Penn Engineering team showcases ‘eye-on-a-chip’ technology

A team of graduate students from the School of Engineering and Applied Science were among seven finalists at the Collegiate Inventors Competition earlier this week. Cassidy Blundell, Nicholas Perkons, and Jeongyun Seo presented their “eye-on-a-chip” to a team of experts from industry and academia, making the case that their device represents a more reliable, accurate, and ethical alternative to animal testing.

Founded in 1990, the Collegiate Inventors Competition attracts submissions from undergraduate and graduate students who have developed potentially commercializable products in the course of research. In partnership with the United States Patent and Trademark Office, the competition is designed to encourage innovation, entrepreneurship, and creativity with the lure of more than $100,000 in prizes.

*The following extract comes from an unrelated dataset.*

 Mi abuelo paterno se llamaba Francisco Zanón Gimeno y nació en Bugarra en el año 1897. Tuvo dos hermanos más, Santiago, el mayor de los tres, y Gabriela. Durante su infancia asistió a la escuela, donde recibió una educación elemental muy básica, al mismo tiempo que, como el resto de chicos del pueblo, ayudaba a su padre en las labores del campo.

“Our eye-on-a-chip addresses one of the most critical issues in health research: a lack of effective preclinical models for disease modeling,” says Seo. “Our device has applications in many industries, ranging from pharmaceutical development to consumer product toxicity screening.”   

The team works in the lab of Dan Huh, the Wilf Family Term Assistant Professor of Bioengineering. Huh’s research involves developing synthetic substitutes for biological systems, otherwise known as organ-on-a-chip devices.

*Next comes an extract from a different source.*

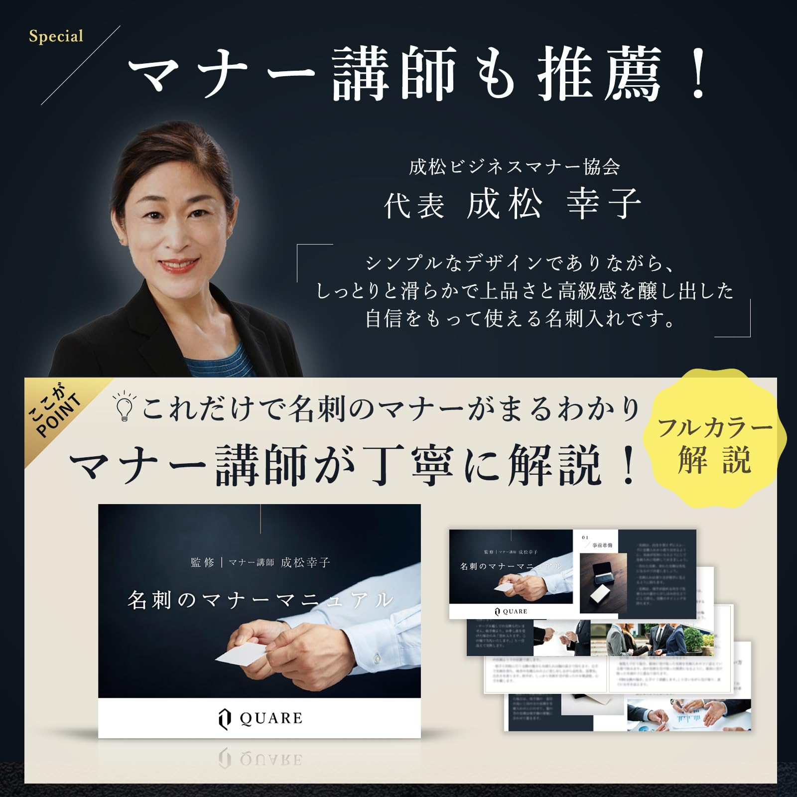 【マナー講師も推薦】 「吸いつくようなしっとりとした滑らかな質感が、上品さと高級感を醸し出し、シンプルなデザインを引き立てています。ポケットは4つ、受け取った名刺と混ざらず収納できる工夫がされており、名刺交換の多いビジネスパーソンに相応しい名刺入れです。」

These small plastic chips contain microfluidic channels, carefully designed so that human cells can grow in them in a way that simulates the three-dimensional environments they would normally inhabit in the body.

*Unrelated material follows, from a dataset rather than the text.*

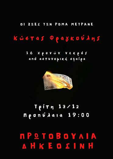 Ο 16χρονος Κώστας Φραγκούλης είναι νεκρός. Στις 5 Δεκέμβρη η ελληνική αστυνομία αποφάσισε την θανατική του καταδίκη. Η εγκληματοποίηση της κοινότητας των Ρομά και η ποινικοποίηση της φτώχειας ενεργοποίησαν τα δολοφονικά ένστικτα της Ελληνικής αστυνομίας. Δημοσιογράφοι, μεγαλοδικηγόροι, δικαστικοί υπάλληλοι, ευυπόληπτοι πολίτες χτίζουν οχυρό υπεράσπισης στον αστυνομικό που πυροβόλησε και δολοφονούν ξανά αυτή τη φορά τον χαρακτήρα του 16χρονου Κώστα Φραγκούλη.

Huh, along with Donald Ingber of Harvard’s Wyss Institute, received the Design Museum of London’s 2015 Design of the Year award for their lung-, gut- and liver-on-a-chip devices, but the eye-on-a-chip takes their work a step further. In addition to the channels and membranes that allow corneal cells to grow, the team’s eye-on-a-chip features a 3-D-printed, motor-driven eyelid that simulates blinking.

This additional layer of verisimilitude will be critical for accurately modeling dry eye disease, the team’s next project.

"We were thrilled to represent Penn in the final round of this extremely prestigious competition,” Huh says. “It is rewarding to learn that innovation and paradigm-shifting potential of our organ-on-a-chip technology have been recognized by world-renowned inventors and scientists.”